Marquis Mallia Tabone's Fabulous Farmhouse
A true jewel to behold, this historical farmhouse is nowadays run by the philanthropic society Talent Mosti and the bordering school's council — both of which have conducted incalculably beneficial work for the preservation and awareness of Maltese arts and culture.
The beautiful 17th century building was commissioned by the Mallia Tabone family and is one of the few untouched and unchanged traditional farmhouses in Malta. This beauty is nowadays used to house an eclectic range of admiringly impressive and culturally significant exhibitions that hone and cherish Maltese talent, artisan crafts, folklore, arts and traditions. Also found within this immensely important structure is a small museum which focuses on Maltese agrarian tools.
The Speranza Chapel
One of the loveliest chapels in Mosta, this splendid 18th-century beauty is bound to a well-known local myth. It is said that two young sisters from Mosta were out rearing sheep when a fleet of Ottoman vessels anchored in Malta for a clandestine ambush attack. While the eldest sibling managed to flee, the youngest one couldn't flee as fast due to a limp, meaning that she had to find a hiding place — and quickly. The girl slipped into a cavern and prayed with all her heart to Our Lady for preservation. While the girl was terrified and desperately begging for support, a gigantic spider weaved a thick, dense web at the cave's opening, making it impossible for the invaders to locate the girl. It is said that this spot is exactly where the Speranza Chapel was built. Other remarkable chapels in Mosta include St Sylvester, Santa Margherita, St Paul's Shipwreck and Santa Marija taz-Zejfi.

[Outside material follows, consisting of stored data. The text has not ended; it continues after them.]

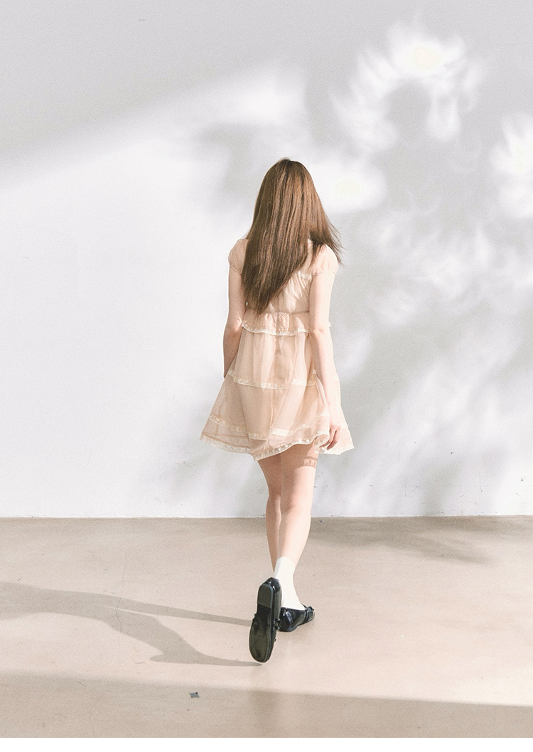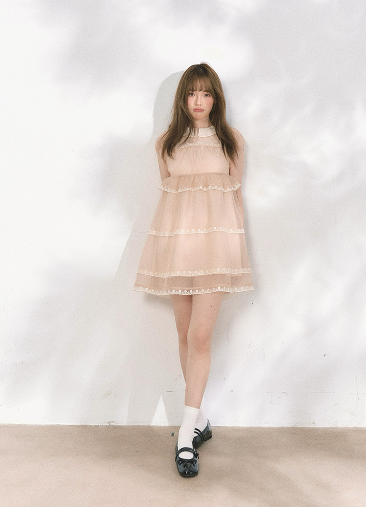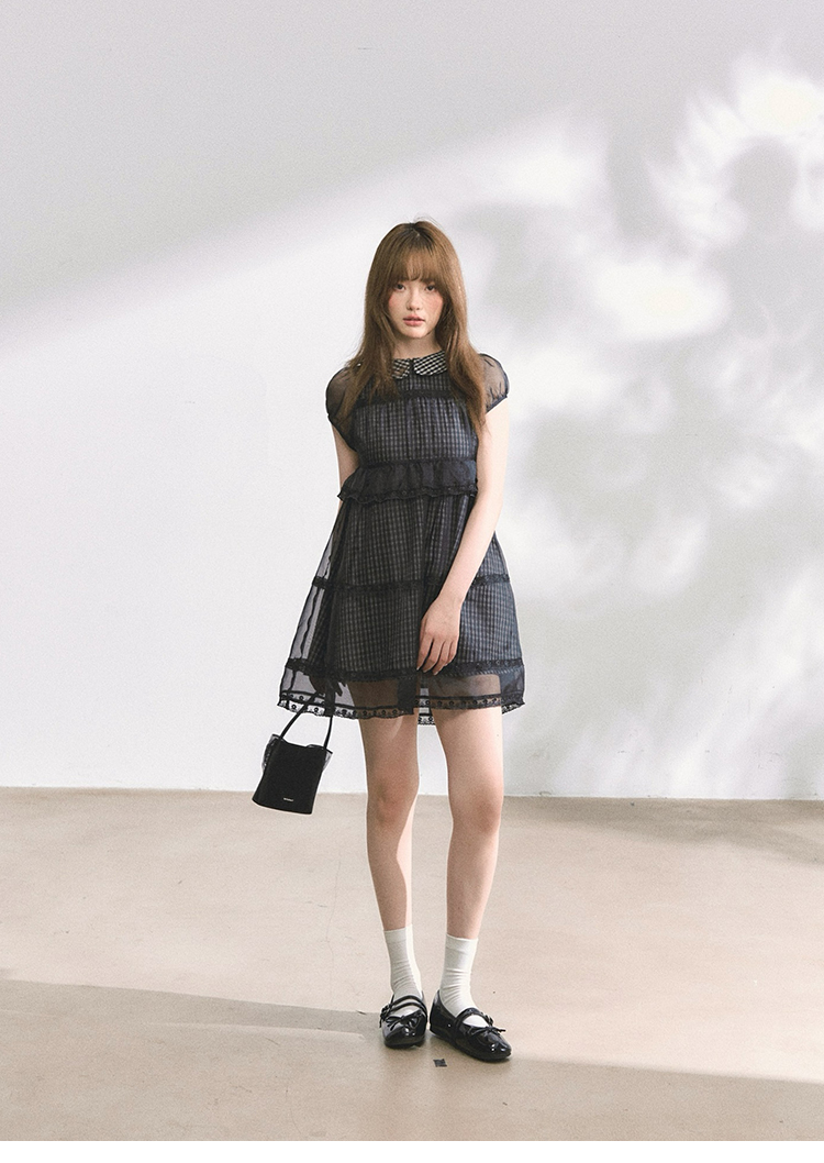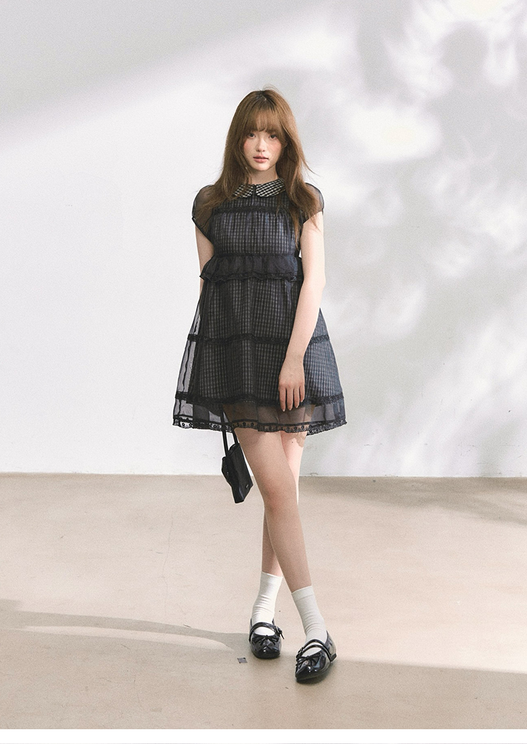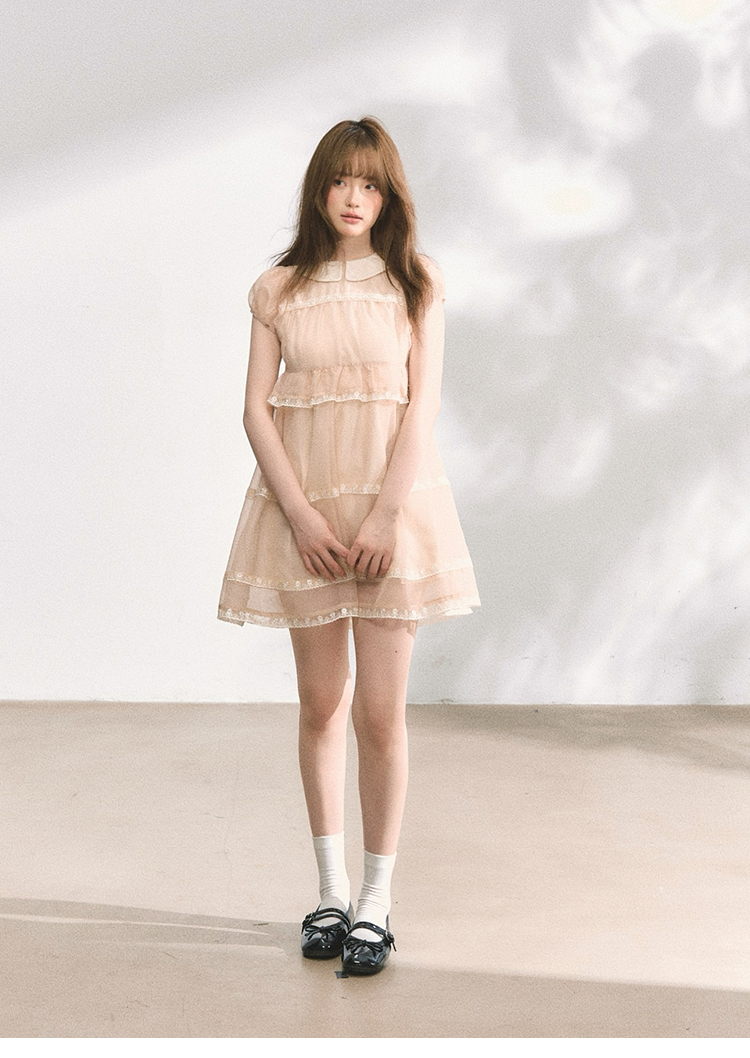 MAP Thousand Gold Lace Splice Cloud Silk Doll Collar Puffy Dress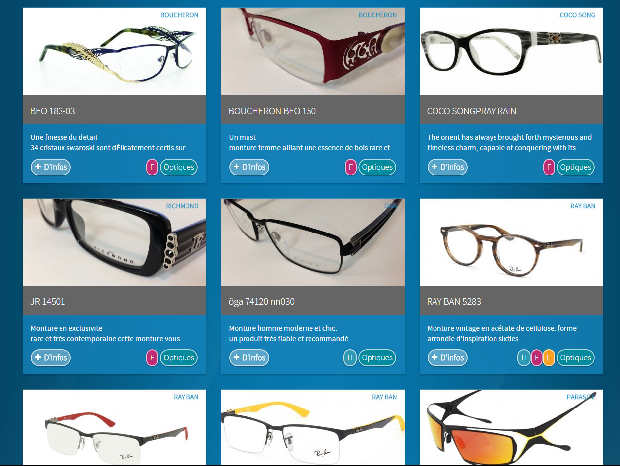 - interconnecté avec Facebook: à chaque nouvelle création de fiche lunettes, une publication est automatiquement créee sur la page Facebook de l'Entreprise
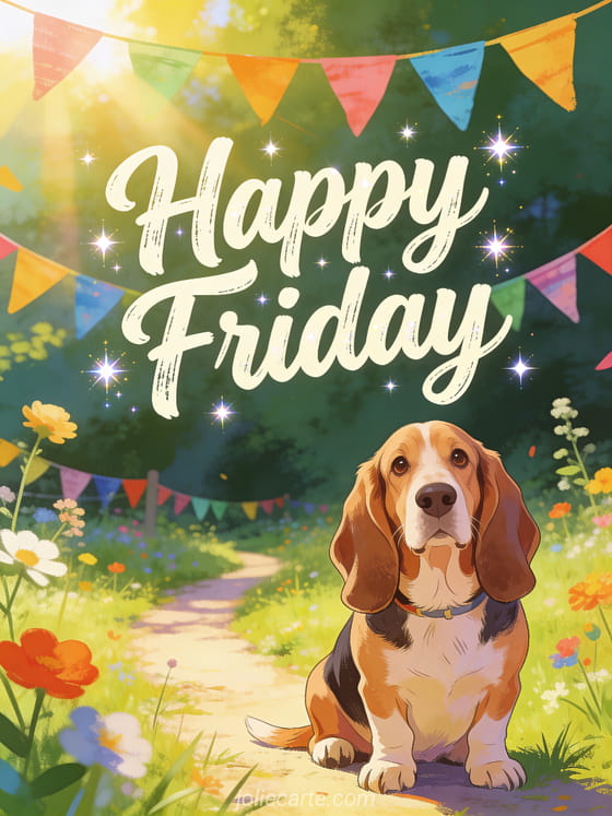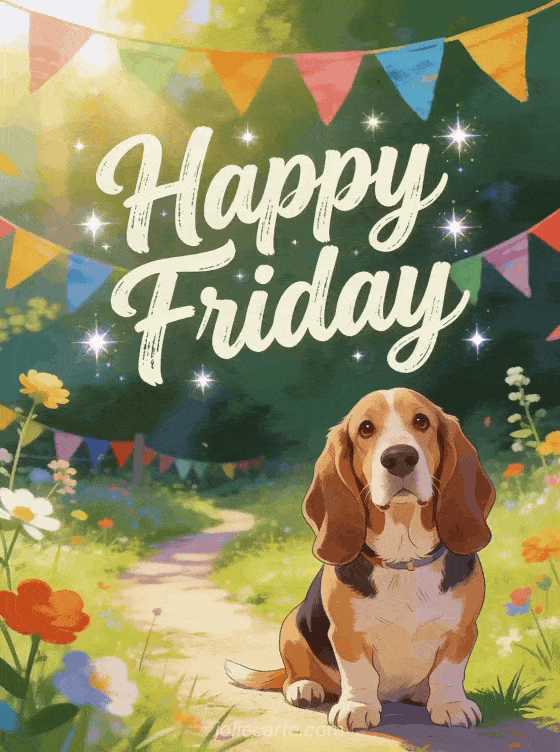 Share a happy Friday dog gif with cream brush lettering, a basset hound on a sunny meadow trail, colorful pennants and wildflowers. You can also send hang in there it's Friday, a happy friday and happy weekend image or happy Friday kisses.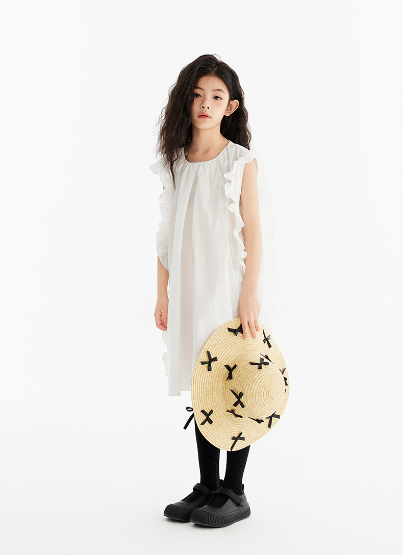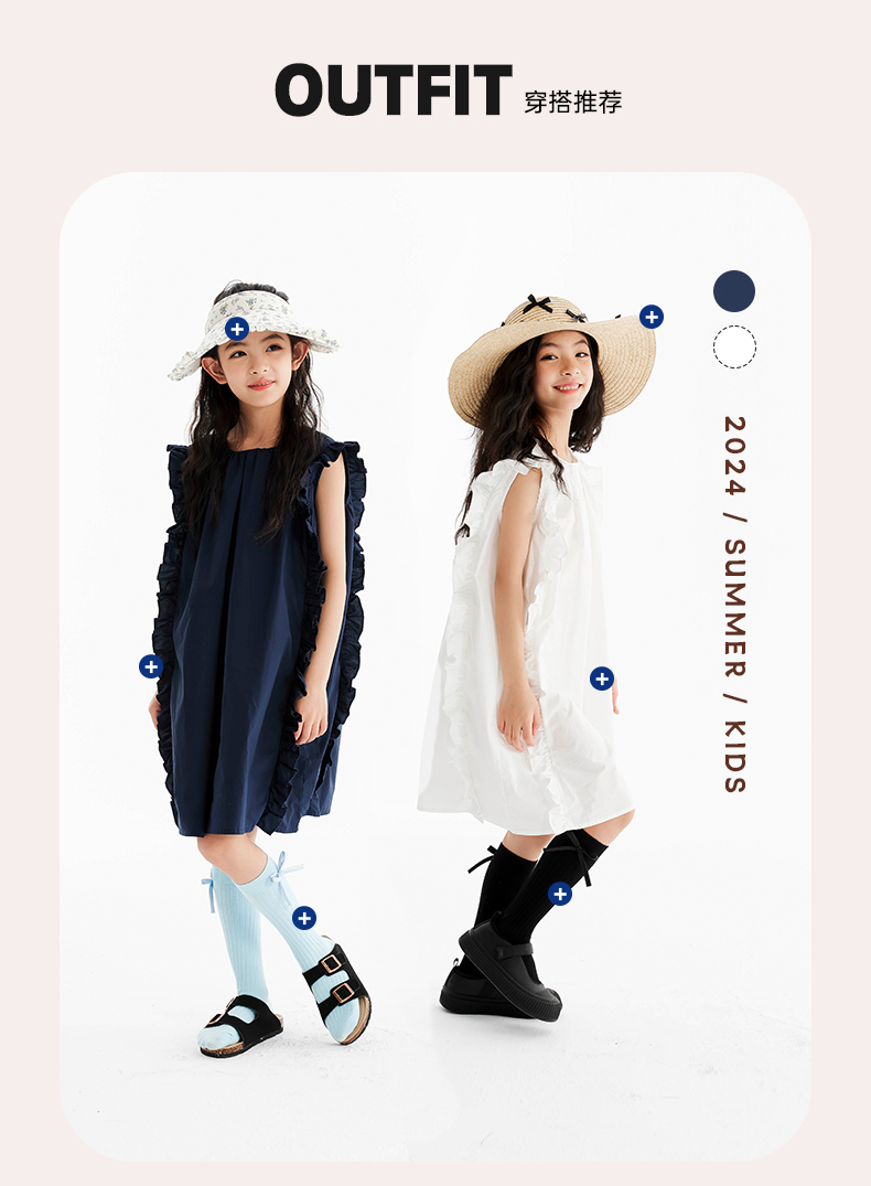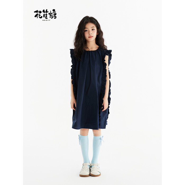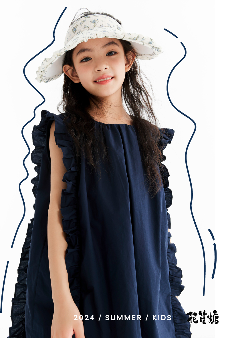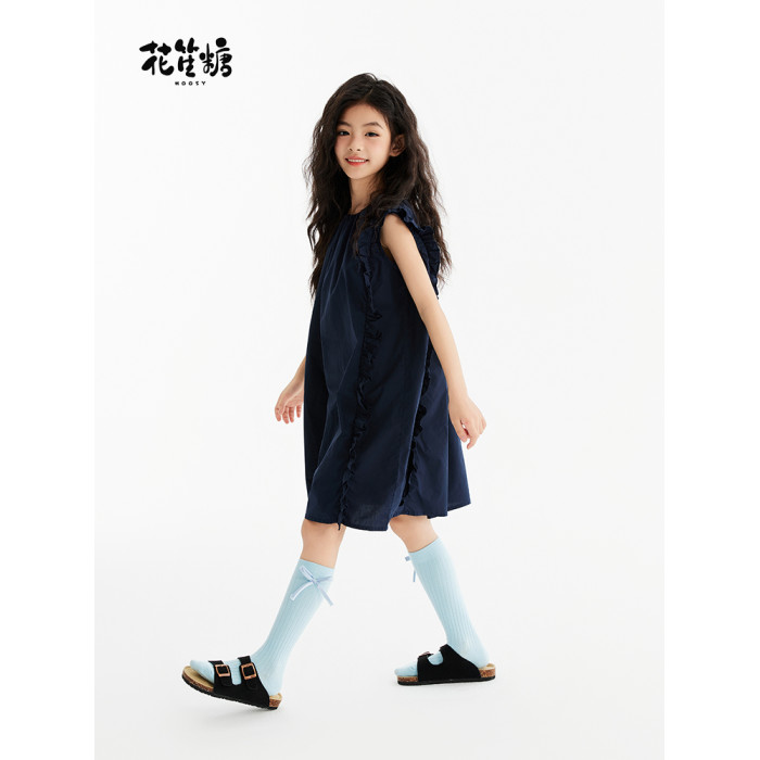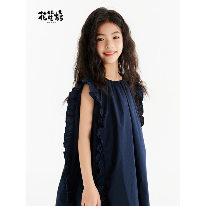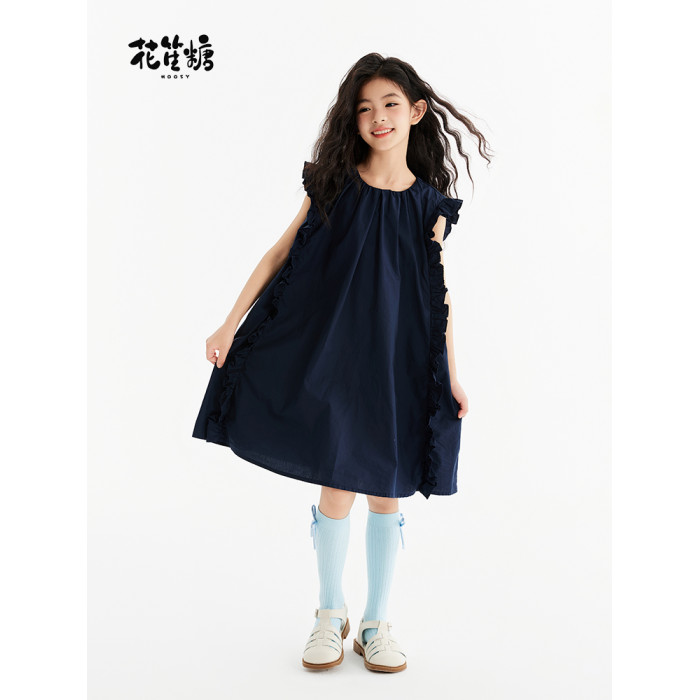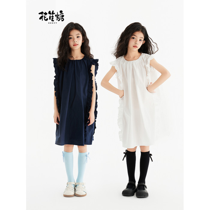 中大女童純棉高級氣質設計感連衣裙夏裝荷葉邊簡約小女孩背心裙子

The Legend Of St Paul The Hermit
Deep within the stunning wadi of Mosta, one can find a humble chapel situated in a large cave of sorts. Legend has it that a righteous hermit resided within this cavern. The hermit regularly visited the village and lectured the villagers, urging them to change their lascivious way of life. Brassed off by his preaching, the villagers one day pursued the hermit to the shore with the intent of stoning him to death. When cornered, the hermit laid his mantle over the sea and rode it into the horizon. Flabbergasted, the villagers learned that he was undoubtedly a saintly man, so they constructed a church within the grotto where he previously lived.
Mosta kept enjoying its popularity throughout the ages — even when the Maltese islands were claimed by the British. The Victoria Lines are the most famous fortifications found from that era.
These defence lines span across Malta, from east to west, for a length of 12km and were built towards the end of the 19th century. Designed to safeguard the southern regions of Malta from invading forces, these lines include multiple forts, infantry lines, batteries and other means of defence. Fort Mosta, a central hub within the Victoria Lines, is one of Mosta's more well-known landmarks from the era.
This impressive architectural feat is an unforgettable sight to behold, specifically due to its shape. This fort is still utilised for military purposes and holds within it the Roman catacombs mentioned prior in this article.
Parts of the Victoria Lines are also situated close to L-Gharusa tal-Mosta Garden, along with a nuclear shelter built during the Cold War.
Nowadays renowned as a popular shopping spot and a great stop for those looking to get delicious coffee, a quick tour around this historically-rich village is a surefire way to fall in love with Mosta's beauty and rich history.